Introduction
OpenCL™ allows developers to write portable, high-performance code that can target all varieties of parallel processing platforms, including AMD CPUs and GPUs. Like with any parallel programming model for parallel processing, achieving good efficiency requires careful attention to how the computation is mapped to the hardware platform and executed. Since performance is a prime motivation for using OpenCL™, understanding the issues which arise when optimizing OpenCL™ code is a natural part of learning how to use OpenCL™ itself.

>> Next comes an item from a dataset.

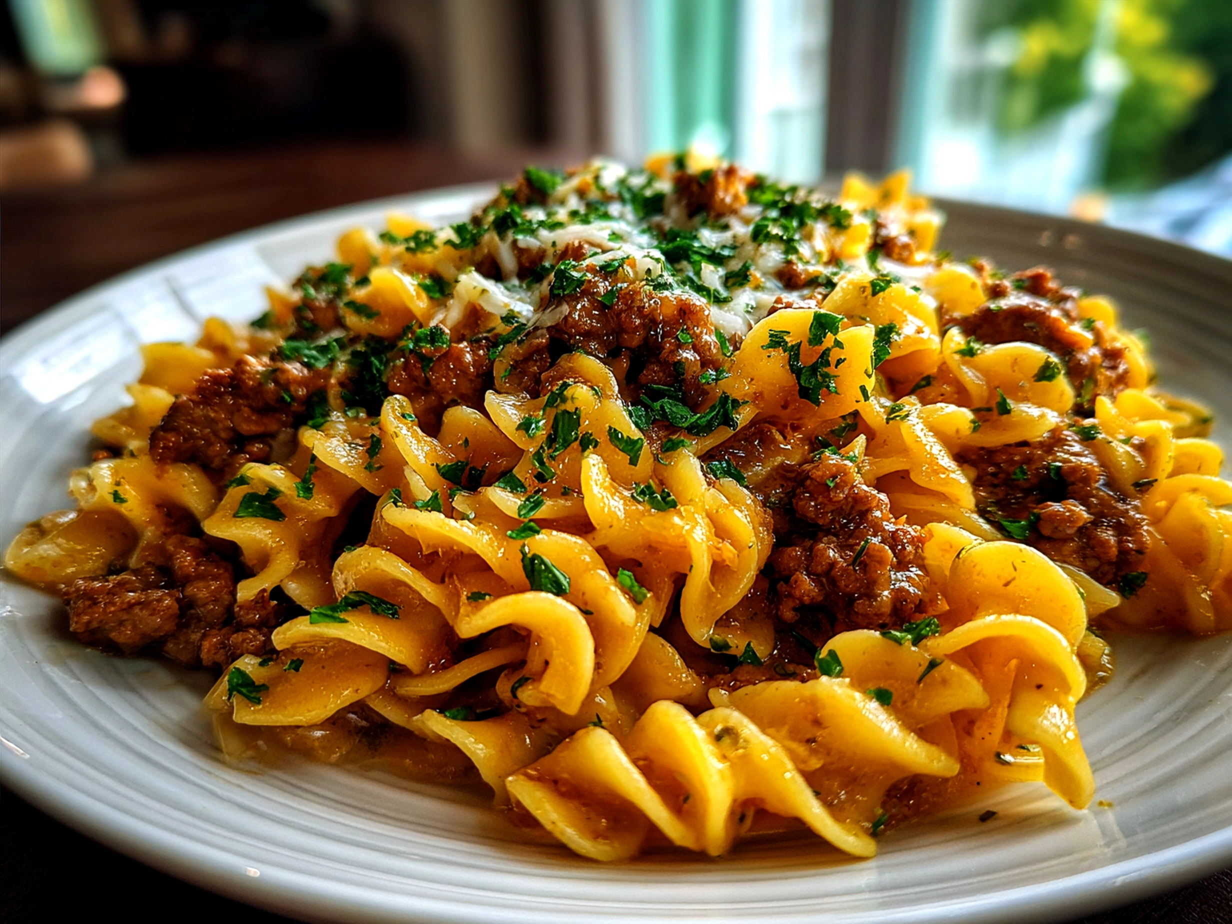 - Serve immediately over cooked egg noodles or your preferred ground beef pasta dish. Your kitchen will be filled with a comforting aroma—a sign that this Ground Beef Stroganoff is ready to be shared.

This article discusses simple reductions. A reduction is a very simple operation that takes an array of data and reduces it down to a single element, for example - by summing all the elements in the array. Consider this simple C code, which sums all the elements in an array:
float reduce_sum(float* input, int length) {
float accumulator = input[0];
for(int i = 1; i < length; i++)
accumulator += input[i];
return accumulator;
}
This code is completely sequential! There's no way to parallelize the loop, since every iteration of the loop depends on the iteration before it. How can we parallelize this code?
It turns out that we can parallelize many reductions by taking advantage of the properties of the reduction we're trying to perform. As counter-intuitive as it may seem, reductions are a fundamental data-parallel primitive used in many applications - from databases to physical simulation and machine learning. There are many different kinds of reductions, depending on the type of data being reduced and the operator which is being used to perform the reduction. For example, reductions can be used to find the sum of all elements in a vector, find the maximum or minimum element of a vector, or find the index of the maximum or minimum element of a vector.
The performance of parallel reductions can strongly depend on the details of how the reduction is mapped to a parallel platform. In this article, we will see how selecting the right strategy for reduction can be an order of magnitude faster than using a naive reduction algorithm, on both CPU devices, represented by the AMD Phenom™ II X4 965 CPU, as well as GPU devices, represented by the ATI Radeon™ HD 5870 GPU.
Reduction
The simple sequential sum reduction we just saw is not parallel at all: there's a sequential dependency on the accumulator variable that requires this reduction be done in a particular order, from front to back of the input array.
However, many operators we want to apply which turn an array into a single element are more flexible, and don't require that the operations be done in one particular order. By taking advantage of this flexibility, we can turn a sequential loop into a parallel kernel by parallelizing the reduction in a variety of ways. We'll take a look at how to do this by starting from the bottom and going up.